INPUT DATA
+--

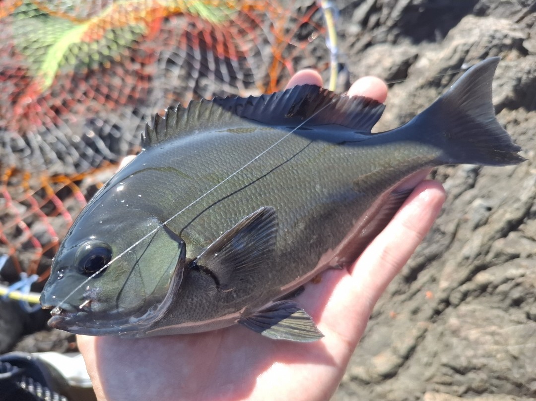 外洋側は少し波立っていたので、内向きの磯で釣りをすることにしました。
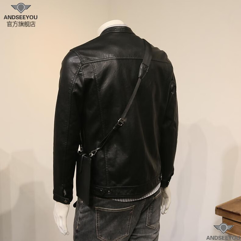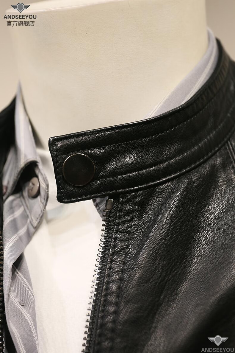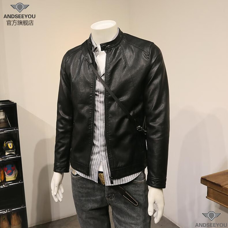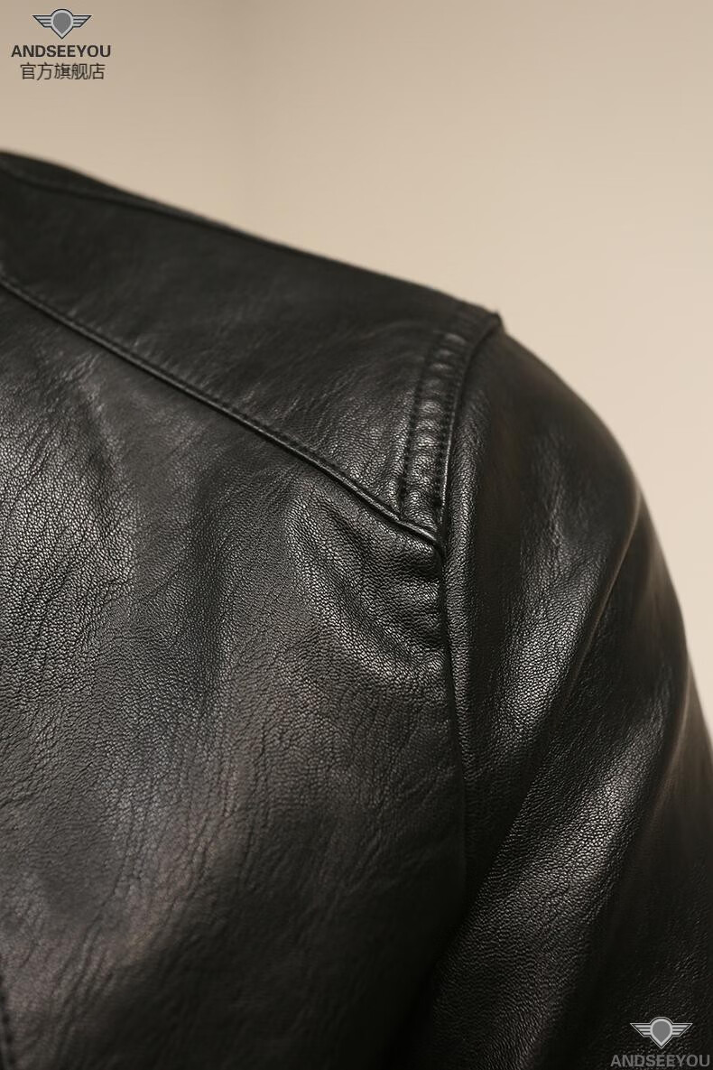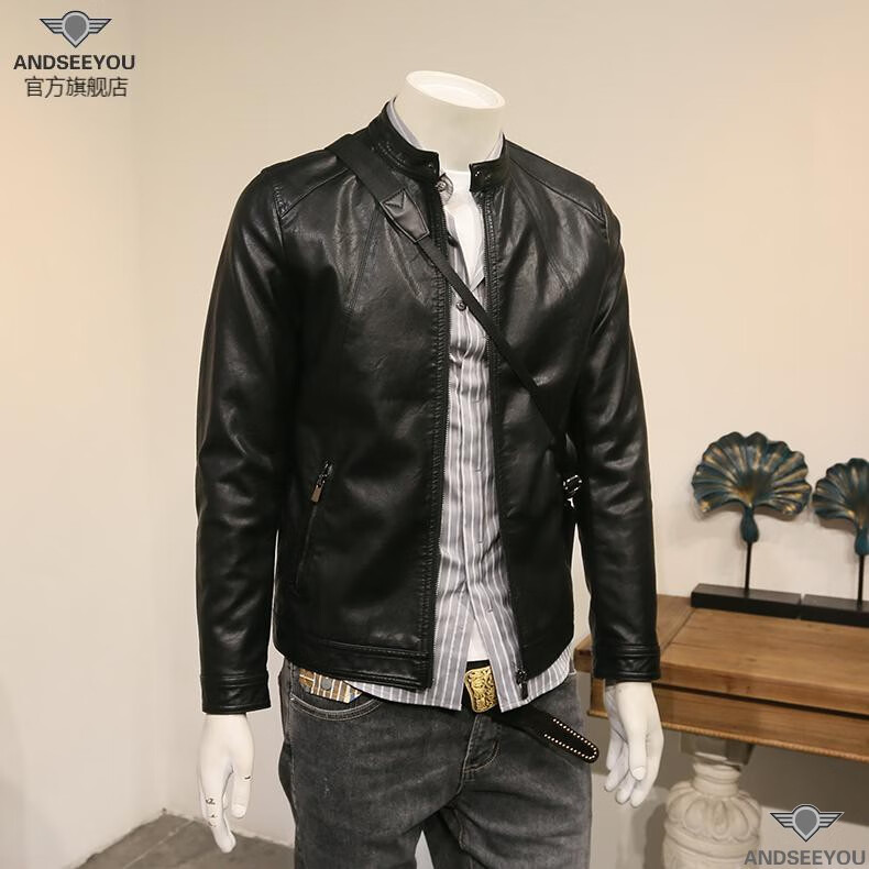 ANDSEEYOU trendy brand men's leather jacket winter new British style slim motorcycle leather jacket coat boutique national fashion men's clothing black XL
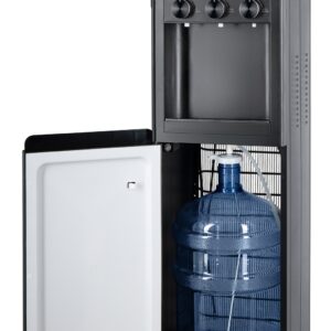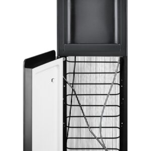 Необычный внешний вид кранов, стильный корпус полностью черного цвета и нижний отсек, в котором полностью скрывается бутыль, позволяют эффектно вписать этот кулер в современный интерьер с продуманным дизайном.
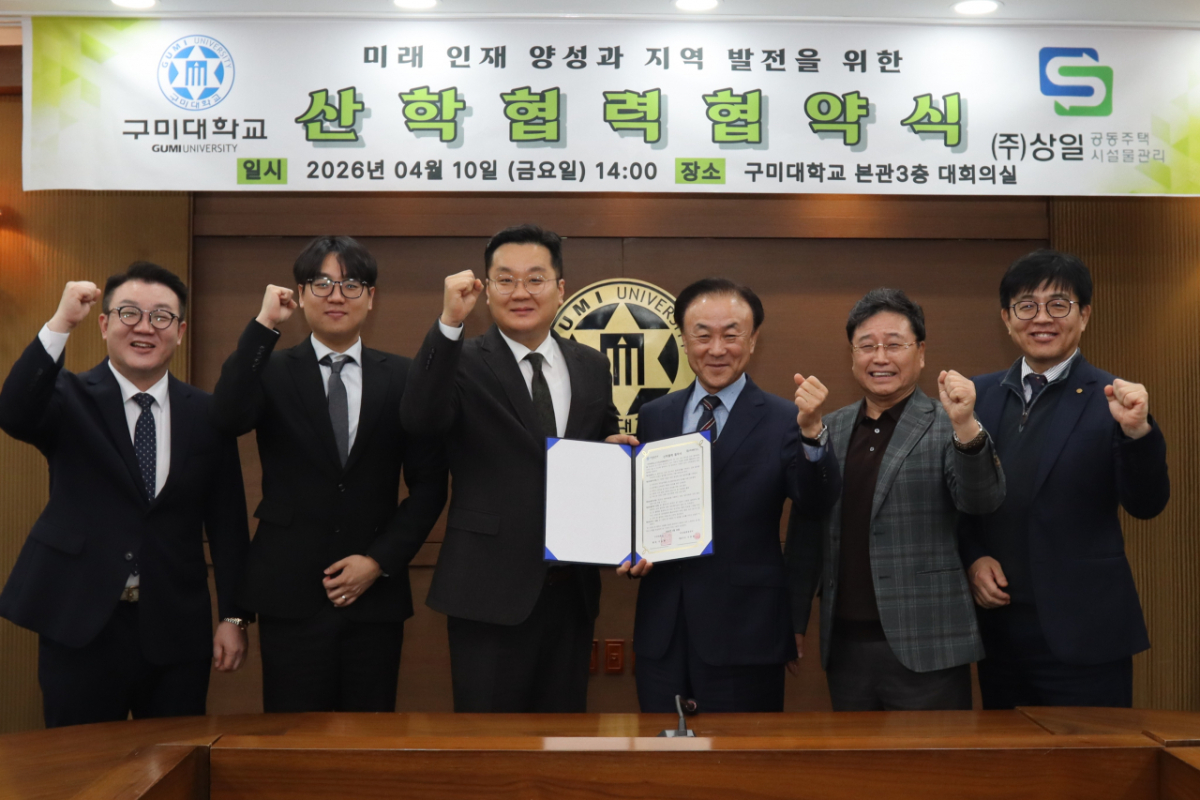 구미대학교 반도체전자통신공학부가 지난 10일 본관 대회의실에서 공동주택 위탁관리 전문기업 ㈜상일종합관리와 재직자 평생학습과정 운영 및 직무능력 향상을 위한 업무협약을 체결했다고 13일 밝혔다.
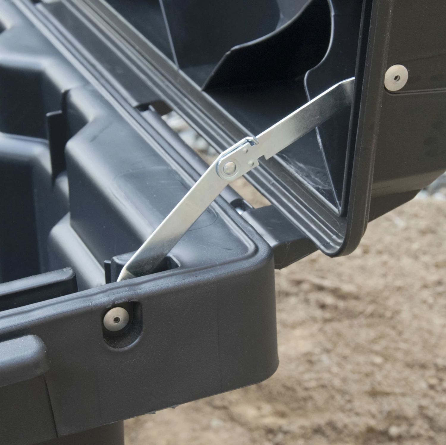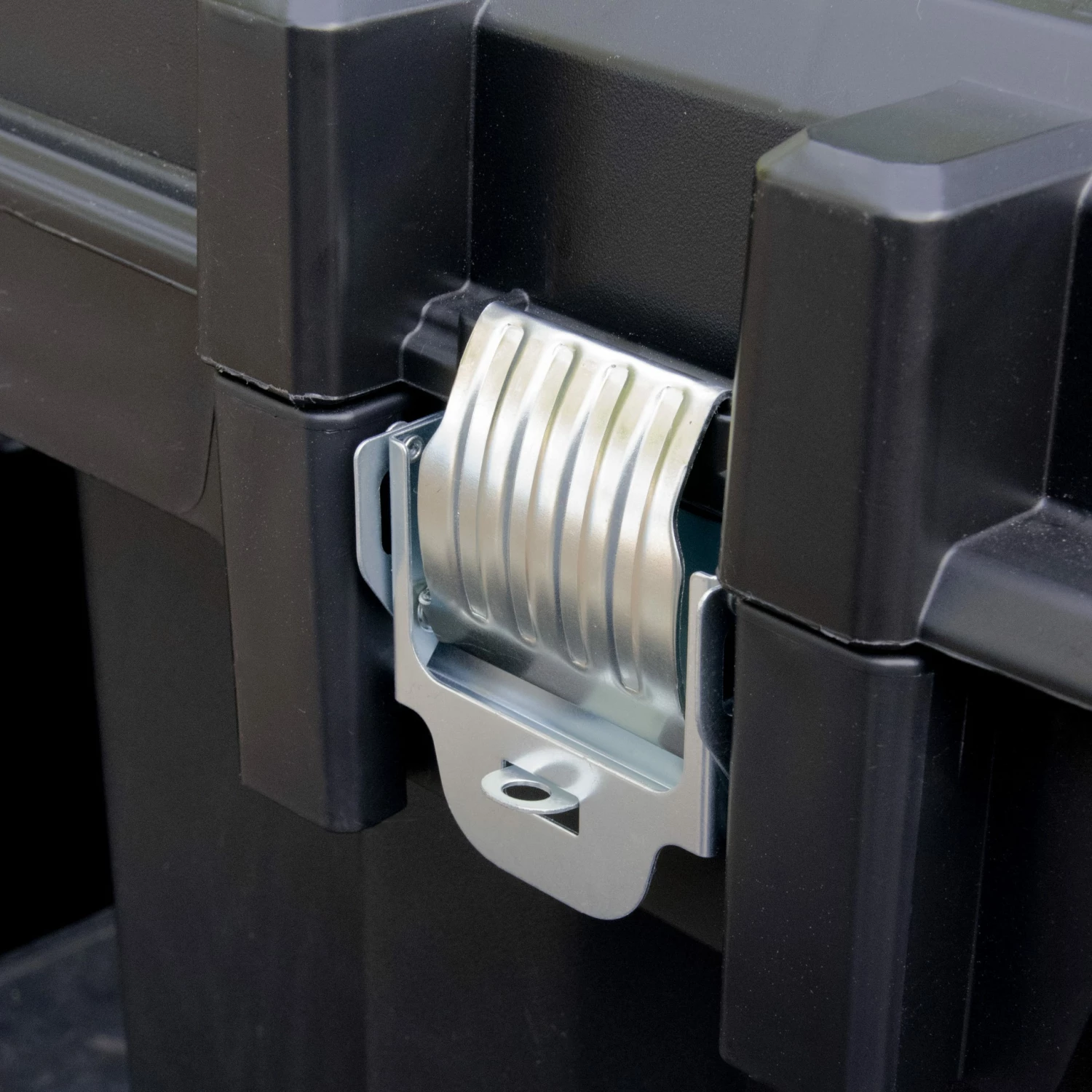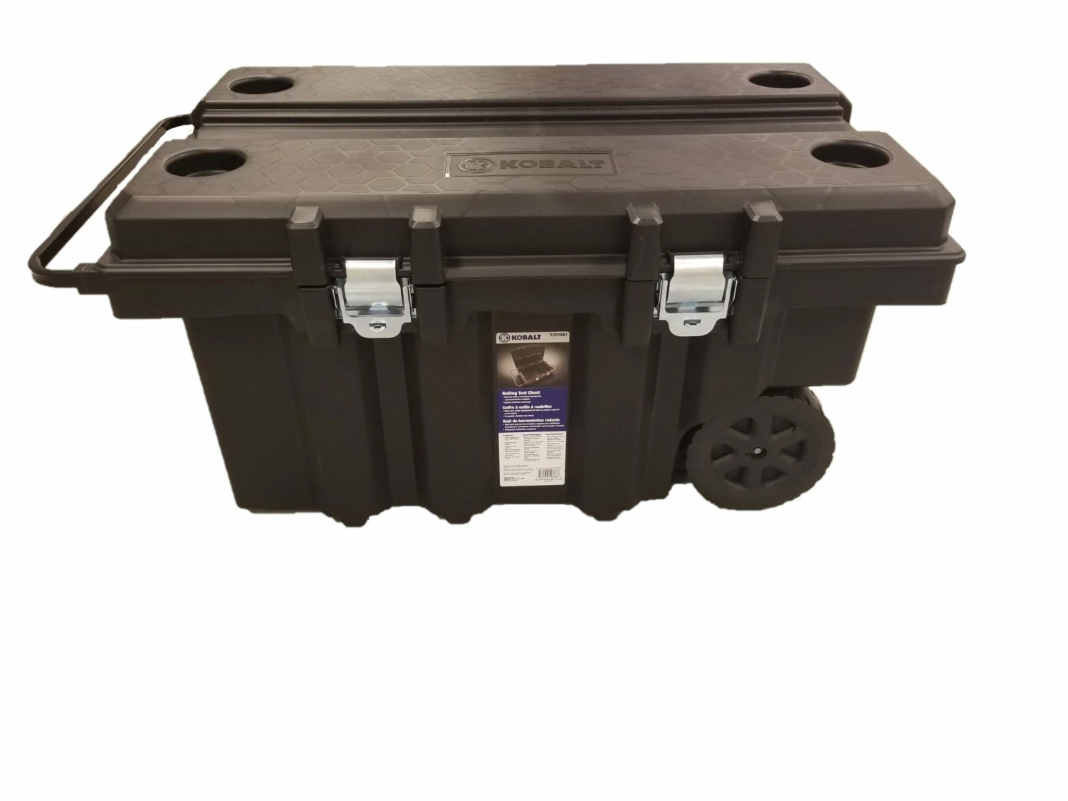 This 50 gallon rolling tool chest is made with spacious interior and rugged design for the toughest contractor. It comes with wheels for easy transport on and off the job site. It also has a place to use a pad-lock to lock up your valuable tools and equipment.
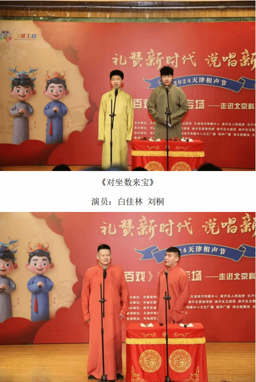 12月5日晚,“禮贊新時代 說唱新生活——2024天津相聲節”《魚龍百戲》相聲專場走進北京科技大學天津學院。此次活動由市委宣傳部、市文聯、市文化和旅游局、天津海河傳媒中心、南開區人民政府、北方演藝集團主辦,市曲藝家協會、天津廣播電視臺文藝頻道、南開區委宣傳部、區文化和旅游局、區文聯共同承辦。
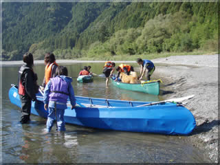 キャンプ設営やフォールディングカナディアンの準備をしていたら午後2時を過ぎてしまいましたので、今日は川を下らずにこのあたりで軽く初心者用の練習をしてみることにしてみます。(今回、カヌーに初めて乗る小学生が1人、高校生が2人、川を下るのは初めての高校生が1人いたため)
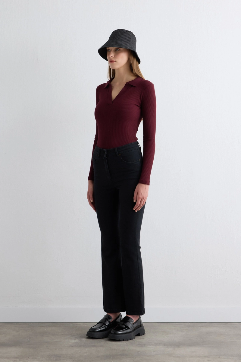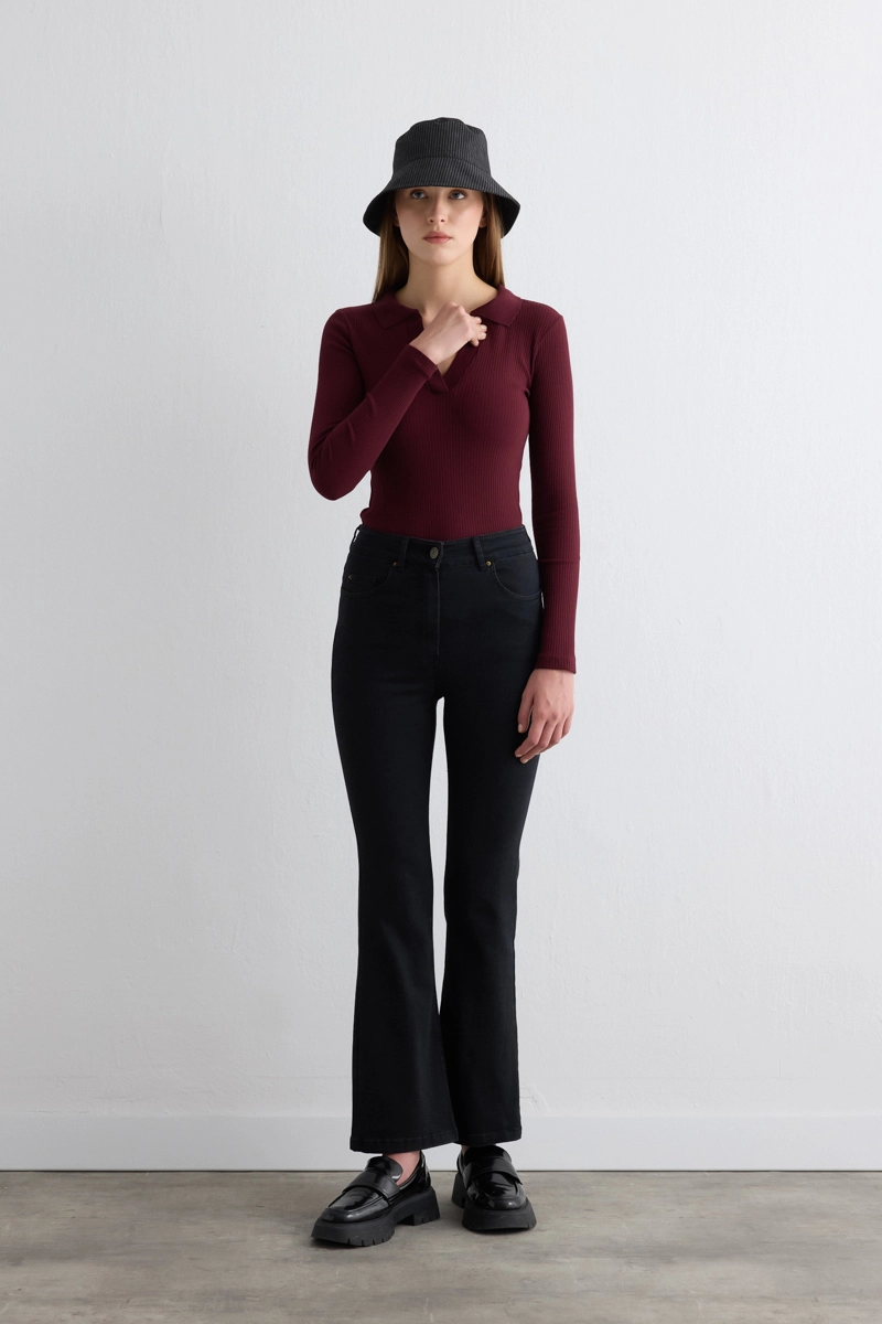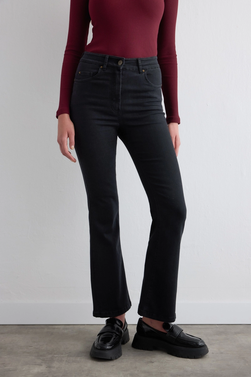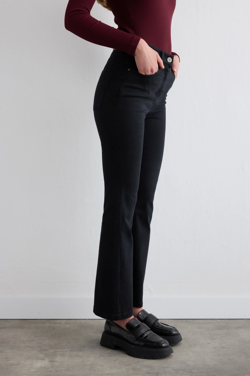 The wide-leg cut creates a modern silhouette. Its flexible structure ensures comfortable wear. The black tone allows for timeless combinations. Combines daily elegance with comfort. High heels add an elegant touch.
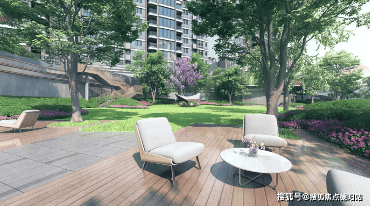 一台——半隐疏林:约1000㎡露营空间,主题植物树种蓝花楹,大片的疏林草地空间结合休憩平台,为住户提供一个林下休闲的场所。
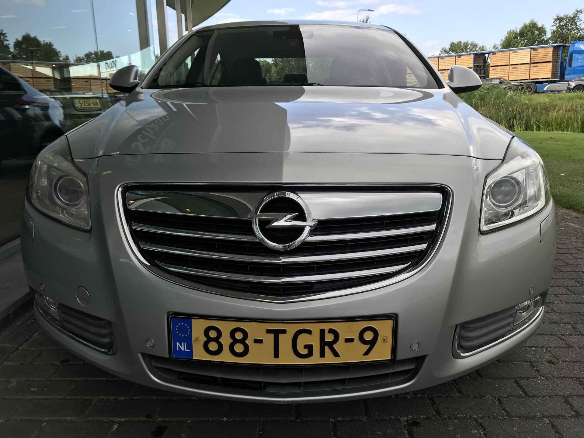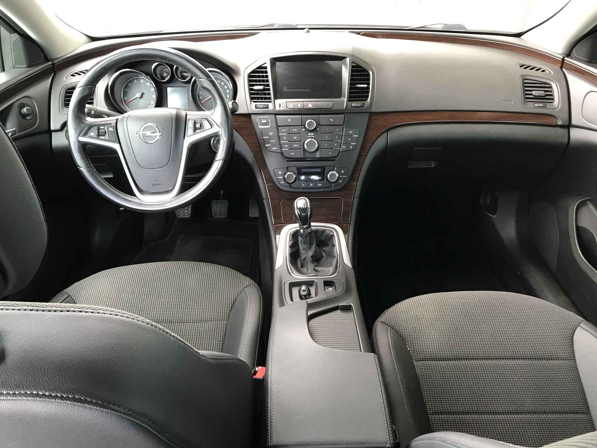 Opel Insignia 1.4 Turbo EcoFlex Cosmo voorzien van onder andere 18 inch lichtmetalen velgen, parkeersensoren voor en achter, mistlampen voor, xenon verlichting, automatisch dimmende binnenspiegel, chroom afwerking exterieur, elektrisch inklapbare buitenspiegels, lederen stuurwiel, cruise control, climate control en hout afwerking interieur. Prima onderhouden, boekjes ter inzage.

+--

ASSIGNMENT
Omit any images, then output the listing exactly.

EXERCISE SOLUTION
 外洋側は少し波立っていたので、内向きの磯で釣りをすることにしました。
 ANDSEEYOU trendy brand men's leather jacket winter new British style slim motorcycle leather jacket coat boutique national fashion men's clothing black XL
 Необычный внешний вид кранов, стильный корпус полностью черного цвета и нижний отсек, в котором полностью скрывается бутыль, позволяют эффектно вписать этот кулер в современный интерьер с продуманным дизайном.
 구미대학교 반도체전자통신공학부가 지난 10일 본관 대회의실에서 공동주택 위탁관리 전문기업 ㈜상일종합관리와 재직자 평생학습과정 운영 및 직무능력 향상을 위한 업무협약을 체결했다고 13일 밝혔다.
 This 50 gallon rolling tool chest is made with spacious interior and rugged design for the toughest contractor. It comes with wheels for easy transport on and off the job site. It also has a place to use a pad-lock to lock up your valuable tools and equipment.
 12月5日晚,“禮贊新時代 說唱新生活——2024天津相聲節”《魚龍百戲》相聲專場走進北京科技大學天津學院。此次活動由市委宣傳部、市文聯、市文化和旅游局、天津海河傳媒中心、南開區人民政府、北方演藝集團主辦,市曲藝家協會、天津廣播電視臺文藝頻道、南開區委宣傳部、區文化和旅游局、區文聯共同承辦。
 キャンプ設営やフォールディングカナディアンの準備をしていたら午後2時を過ぎてしまいましたので、今日は川を下らずにこのあたりで軽く初心者用の練習をしてみることにしてみます。(今回、カヌーに初めて乗る小学生が1人、高校生が2人、川を下るのは初めての高校生が1人いたため)
 The wide-leg cut creates a modern silhouette. Its flexible structure ensures comfortable wear. The black tone allows for timeless combinations. Combines daily elegance with comfort. High heels add an elegant touch.
 一台——半隐疏林:约1000㎡露营空间,主题植物树种蓝花楹,大片的疏林草地空间结合休憩平台,为住户提供一个林下休闲的场所。
 Opel Insignia 1.4 Turbo EcoFlex Cosmo voorzien van onder andere 18 inch lichtmetalen velgen, parkeersensoren voor en achter, mistlampen voor, xenon verlichting, automatisch dimmende binnenspiegel, chroom afwerking exterieur, elektrisch inklapbare buitenspiegels, lederen stuurwiel, cruise control, climate control en hout afwerking interieur. Prima onderhouden, boekjes ter inzage.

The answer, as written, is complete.